Vector ising spin annealer

The VISA model is a semi-classical, three-dimensional soft-spin Ising model. It employs annealing of the loss landscape, symmetry-breaking, bifurcation, gradient descent, and mode selection to drive the system toward the global minimum of the Ising Hamiltonian. Here, we represent Ising soft-spins as continuous vectors in three-dimensional space x_i = (x_1i, x_2i, x_3i) that are free to move in that space. VISA may be physically realized using amplitudes of a network of coupled optical oscillators. In these optical-based Ising machines, vectors of Ising spins are represented by three soft-spin amplitudes. In total, 3N amplitudes are required to minimize an N-spin Ising Hamiltonian. Other methods utilizing extra degrees of freedom have also been proposed⁴⁰, including the use of phase-insensitive gain to lower the CIM energy barrier of evolving away from the principal eigenvector⁴¹. The VISA approach is somewhat complementary to the recently proposed “dimensionality annealing” where soft Ising amplitudes are considered as coordinates of the multidimensional spins, such as XY or Heisenberg spins^42,43. While the main idea is to exploit the advantages of the higher dimensionality, VISA aims at the Ising minimization rather than hyper-dimensional spin systems^42,43.
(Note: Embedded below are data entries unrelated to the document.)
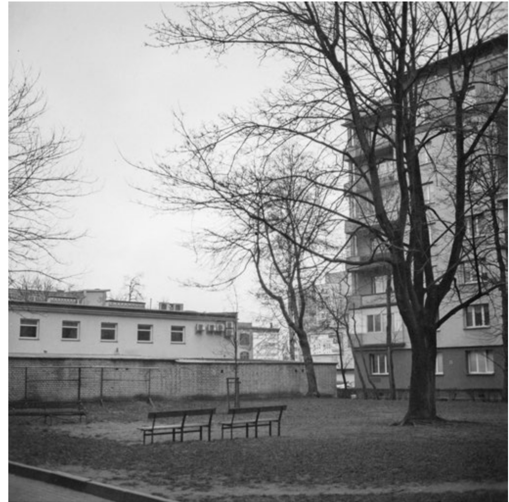
Odpocznij | Just Rest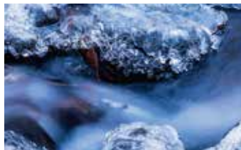
② 冬の風景 雪、氷、イルミネーション、雪の富士山 など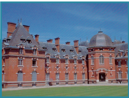
Rivaulde - Sauldre (41)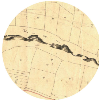
2 Expression du relief des Monts d'Arrée dans le figuré du cadastre napoléonien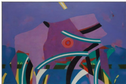
Tropisch, 97 x 146 cm, 1972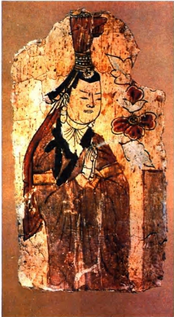
千佛洞壁画贵夫人供佛像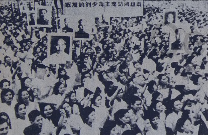
Todos los intentos del imperialismo yanqui para someter definitivamente a Vietnam chocan con una realidad: la unidad indestructible del pueblo en torno a las banderas de la Liberación.

Como se recordará, el general Diem fue el hombre elegido por el Pentágono para llevar adelante el experimento. Diem fue el hombre que los yanquis encontraron en Saigón una vez que los franceses arrojaron la bandera. Parecía el ejemplar adecuado. Inflado por los dólares de la "ayuda exterior" y sostenido por las bayonetas de los yanquis, Diem

To formulate the Hamiltonian that is capable of representing the dynamics of GBC, we incorporate a term that is convex and dominates when the effective gain (loss) is large and negative, an Ising term that is minimized when the gain is large and positive, and a term that aligns the spins at the end of the process so that their direction can be associated with the binary spin s_i = ±1. We write, therefore, the VISA Hamiltonian as the sum of three terms H_VISA = H₁ + H₂ + H₃, where

$${H}_{1}=\frac{\alpha }{4}{\sum }_{i=1}^{N}{\left({\gamma }_{i}(t)-| {{{{\bf{x}}}}}_{i}{| }^{2}\right)}^{2},$$

(2)

$${H}_{2}=-\frac{1}{2}{\sum }_{i,j=1}^{N}{J}_{ij}{{{{\bf{x}}}}}_{i}\cdot {{{{\bf{x}}}}}_{j},$$

(3)

$${H}_{3}=\frac{P(t)}{4}{\sum }_{i,j=1}^{N}| {{{{\bf{x}}}}}_{i}\times {{{{\bf{x}}}}}_{j}{| }^{2},$$

(4)

with a hyperparameter α. As the effective gain γ_i(t) increases with time t from negative (effective losses) to positive (effective gain) values, H₁ anneals between a convex function with the minimum at x_i = 0 to nonzero amplitudes. H₂ coincides with the Ising Hamiltonian when all x_i have unit magnitude when projected along the same direction. Finally, H₃ is a penalty term with time-dependent magnitude P(t) to enforce collinearity between x_i and x_j at the end of the gain-induced landscape change. At which time, the condition on the amplitudes ∣x_i∣ = 1 is imposed by the feedback on the gain realised by \({\dot{\gamma }}_{i}=\varepsilon (1-| {{{{\bf{x}}}}}_{i}{| }^{2})\)⁴⁴. Analogously to CIM operation, as γ_i(t) grows from negative to positive values, H_VISA anneals from the dominant convex term H₁ that is minimized at x_i = (0, 0, 0) for all i, to the minimum of H₂ + H₃ with ∣x_i∣ = 1 via symmetry-breaking bifurcation. Concurrently, as P(t) increases from P(0) = 0 to sufficiently large P(T) > 0, the soft-spins vectors become collinear. The Ising spins are calculated by projecting the three-dimensional vectors along the axis k they have centred around and taking signs of the resultant scalar \({s}_{i}={{{\rm{sgn}}}}({{{{\bf{x}}}}}_{i}\cdot {{{\bf{k}}}})\). At t = T, the target hard-spin Ising Hamiltonian H_I is minimized.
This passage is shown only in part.